The six largest companies at the show were all brokerages, and for the most part those firms sent roughly the same number of professionals as they had last year. CBRE had by far the most attendees registered, with 763 as of Tuesday (up from 746 as of last year’s registration count). They were followed by Cushman & Wakefield, which also increased its presence despite losing high-profile agents like Bradley Mendelson and David Green, and top brokers like Bob Knakal did not attend. This year they had 375 professionals registered, compared with 348 last year.

JLL had 331 attendees registered as of Tuesday morning, Colliers International had 289, Marcus & Millichap had 272 and Newmark Grubb Knight Frank came in with 209.

Some large landlords also cut back sharply. Kimco Realty reduced its headcount from 92 last year to 58 this year. The firm cut back on non-leasing professionals this year.

“Kimco decided this should strictly be a leasing event. This was due in part to space and cost management in order to accommodate the high meeting volume the leasing teams have,” the firm said in a statement to The Real Deal.
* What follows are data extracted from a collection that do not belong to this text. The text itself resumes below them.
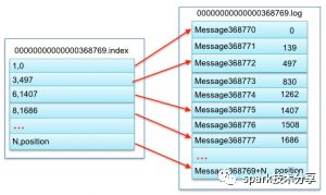 这三种文件类型其实都是topic的分区,所以对于每一个目录都包含*.log、*.index、*.timeindex、*.txnindex文件(仅这个文件是为了实现事务属性引入的)。segment和segmengt对应index、timeindex、txnindex文件命名中序号表示的是第几个消息。如下图中,00000000000000368769.index和00000000000000568769.log中“368969”就是表示文件中存储的第一个消息是468969个消息。
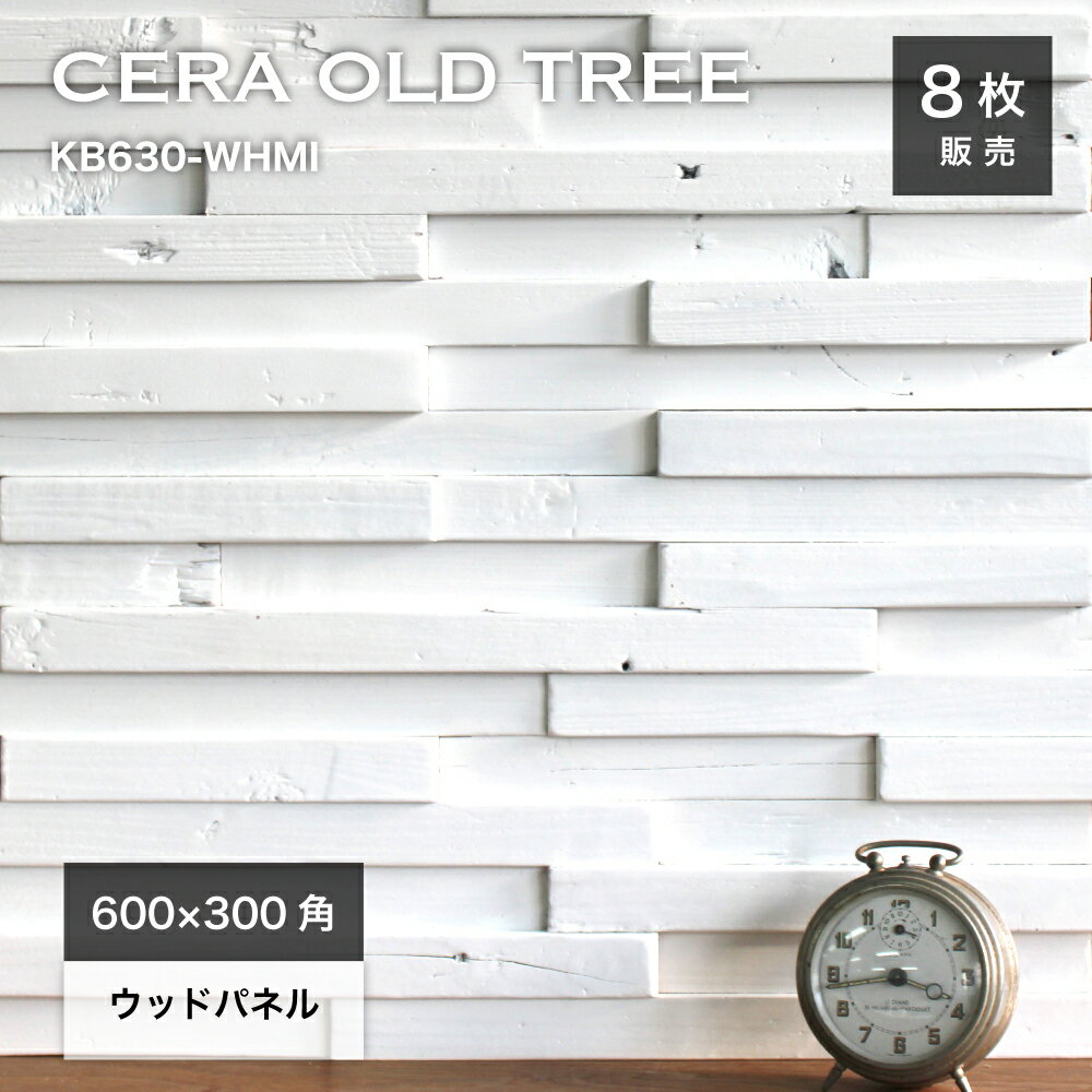 天然木 壁用 ウッドパネル ウォールパネル 白 ホワイト 塗装 木材 アンティーク ヴィンテージ 壁材 内壁 内装 古材 3Dウッド【セラオールドトゥリー KB630R-WHMI 8枚セット】
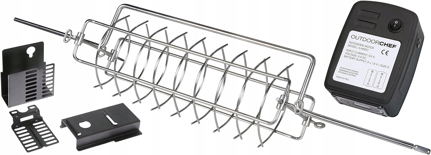 На вертелі Outdoorchef м'ясо поміщається в спеціальний затиснутий обертовий кошик, а не на шампур, завдяки чому сік залишиться в м'ясі. Ідеально підходить для печені та інших великих шматків м’яса. Вертел працює від електродвигуна та двох батарей D (не входять у комплект).
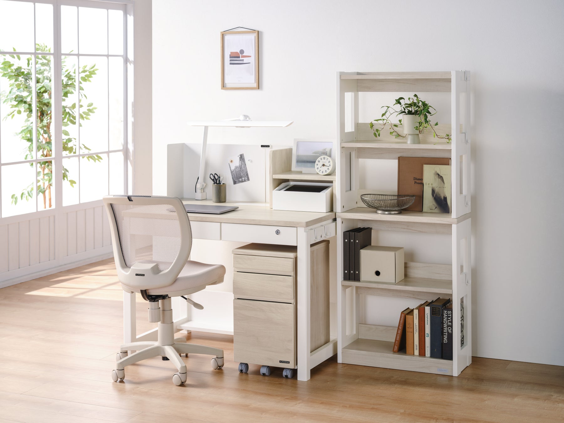 デスクでは、主力シリーズ「THE DESK」において、組み替え型コンポーネントデスク「THE DESK CD」シリーズのラインナップが拡充しました。2025年モデルで好評をいただいた「THE DESK CD」シリーズに、ユーザーおよび販売店様からの要望に応え、書棚2段のハイタイプ『KSH-26型』を新たに追加。より充実した収納力を実現するハイタイプモデルの投入により、中高生以上の幅広い層に対応するシンプル設計の「THE DESK」と新入学需要を主軸とした「THE DESK CD」のハイタイプ・ロータイプが揃い、選択肢が広まります。
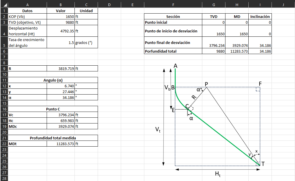 En el siguiente enlace encontraras una hoja de cálculo de Excel para estimar las coordenadas necesarias para construir una trayectoria de un pozo tipo J
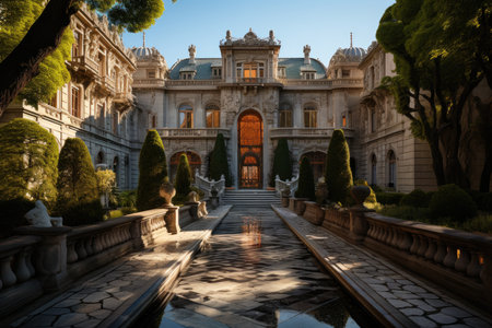 Luxury chandelier illuminates elegant domestic room in famous historic building generated by artificial intelligence
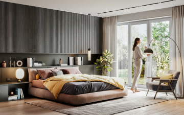 3D渲染的现代简约风格卧室,低饱和度墨绿色与暖灰色为主色调,柔和漫射自然光从右侧大面积落地窗洒入,木质地板温润有光泽,带有细微纹理。画面以床为视觉中心,床头采用浅灰色软包设计与深绿色墙面形成对比,床头两侧是黑色金属支架的玻璃台面床头柜,各放置一盏造型简约的白色球形台灯。床上铺着深绿色与灰色条纹的床单,搭配几个不同材质的灰色抱枕和一条米色针织毯随意搭在床尾。床尾正对着一面悬挂着抽象几何线条装饰画的墙,画框为黑色细边框。左侧墙面嵌入一整面墙的深灰色推拉门衣柜,衣柜底部设计有开放式展示格,摆放着几本精装书和一个小型绿植盆栽。右侧窗边设有一个浅灰色布艺单人沙发,沙发旁是一个原木色小圆几,上面放着一个白色陶瓷花瓶,里面插着几支干花。地面铺着一块浅灰色短绒地毯,地毯上随意散落着一本翻开的杂志和一个编织篮。整个空间光影层次丰富,阴影柔和,营造出宁静舒适且极具现代设计感的休憩氛围,视觉层级清晰,信息传达简洁高效,符合现代都市年轻人群的审美需求。
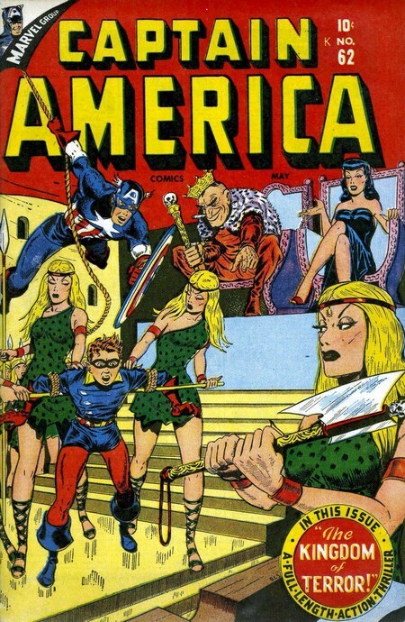 А далее в программе комикс Captain America Comics #62 и история “Королевство ужаса”. Помогая Бетси Росс с написанием статейки, Капитан Америка и Бакки выходят на Клуб Преступности – организацию, предоставляющую укрытие всевозможным злодеям, а также подпольное казино. Главой Клуба оказывается женщина и Джеффри Мейсу как-то неловко бить даму – но вот Бетси таких неловкостей не испытывает, прописывает преступнице по лицу и сдаёт её властям. Злодеем второй истории, под названием “Пляска смерти”, становится Синьор Загана – пока его красавица-дочка танцует, сам Загана обворовывает зрителей, а некоторых и убивает, если сильно возмущаются. Вопреки традиции, дочурка не стонет под гнётом тирана-отца, а активно ему помогает, но соучастницей не считается. Загане удаётся похитить Кэпа и Бакки и использовать их в качестве мишеней для метания кинжалов, но звёздно-полосатые герои высвобождаются и устраивают ему взбучку.
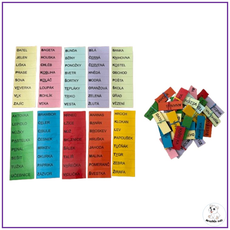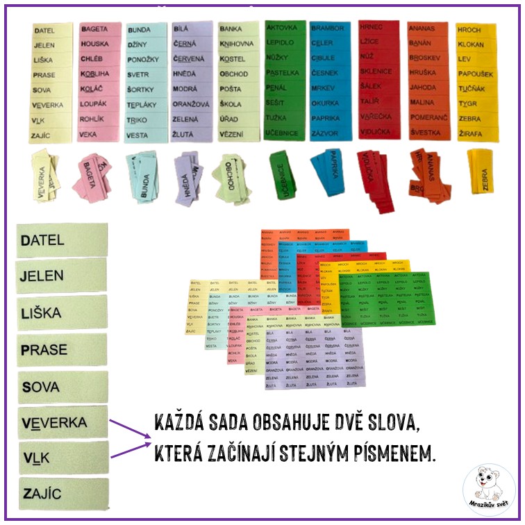- sada 1-10 = stejné sloupce slov na stránce – doporučuji tisk na barevný papír pro vytvoření různých sad a popsání kartiček (permanentním fixem) z jednoho sloupce stejným znakem (např. číslicí)
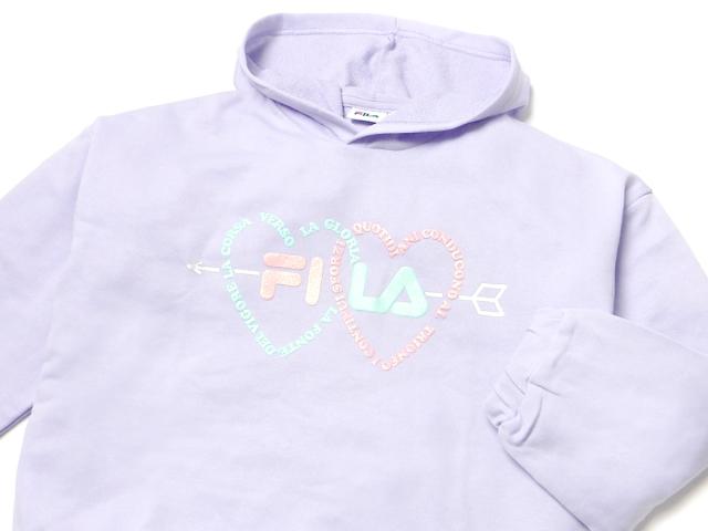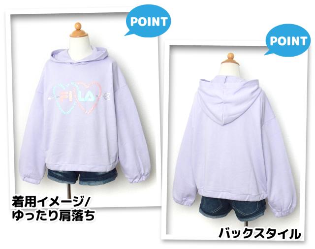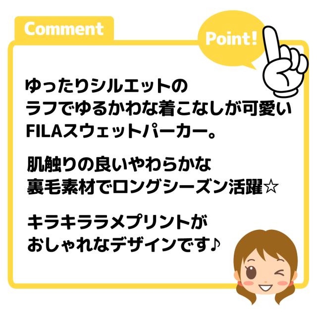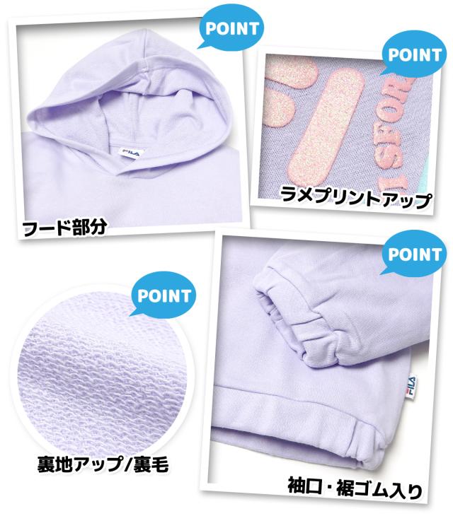 【送料無料】女児 ジュニア 裏毛 長袖 パーカー FILA/フィラ スウェット ゆったりビッグシルエット ラメプリント 子供服 女の子 140cm 150cm 160cm iw-1158b-pp【メール便対応】
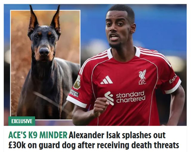 26岁的伊萨克,今年夏天从纽卡加盟利物浦,转会费高达1.45亿欧元(1.3亿英镑),是英超历史标王。11月22日,英国《太阳报》独家爆料,遭到死亡威胁的伊萨克,花3万英镑买下一只杜宾犬,守卫自己和家人的安全。
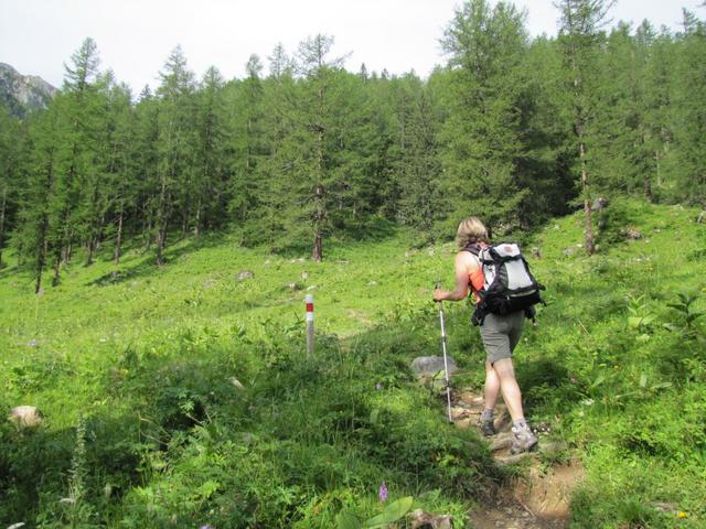 wir haben die Wegkreuzung 1857 m.ü.M. und unsere Rucksäcke auf der Langermatte erreicht

Overall, the number of owners or developers registered as of Tuesday morning — 10,876 — was about 4 percent below last year’s final figures. The next most active group was real estate services (mostly brokers), which tallied 8,653 as of Tuesday morning, down about 3 percent from last year’s total. Retailers saw a slightly larger decline of just over 5 percent, with 3,560 registered this morning. Those three categories represent more than half of all attendees.